Conclusions. Abrasive cytology is suggested as the first choice for the clinical evaluation of lesions arising in the maxillofacial skin and oral mucosa. An adequate experience in cutaneous cytopathology is however essential.
Introduction
Cytological evaluation of cutaneous and mucosal tumors presents a diagnostic challenge. Preoperative diagnosis is of great importance for the right choice of treatment, in the maxillofacial surgery. The recognition of the lesions may be accomplished by clinical, radiological, cytological and histopathological examination. Cytological examination of cutaneous tumors is not as yet a well recognized modality (1,2), due to the fact that surgical excision and biopsy are easy to perform.
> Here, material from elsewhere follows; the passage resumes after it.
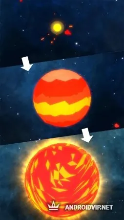 Данную игру можно смело отнести к idle, ведь какой-то особой цели в игре у вас нет, а бесконечное развитие присутствует. Можно создавать десятки планет, попутно развивая галактику. Как утверждают разработчики, в игре около 50 различных планет, которые доступны для размещения в вашем личном пространстве. Меркурий, Венера, Марс, Уран и другие планеты солнечной системы доступны для размещения. Кроме того, ради экспериментов вы можете устраивать столкновения. На протяжении всего развития игроку будут начисляться своеобразные очки, за которые можно покупать планеты, если вы играете в аркадном режиме. По мере наполнения галактики будут предоставляться различные знания про черные дыры, звезды, планеты и другие космические объекты.

Cytology is a simple diagnostic approach useful both to the patient and to the surgeon, as offers a quick result. It is indicated in cases which can be managed either by radiotherapy (3) or local (intralesional) interferon treatment (4,5). Surgery may not be_desirable in old persons under systemic therapy or in patients with multiple lesions where extensive skin allograft is needed.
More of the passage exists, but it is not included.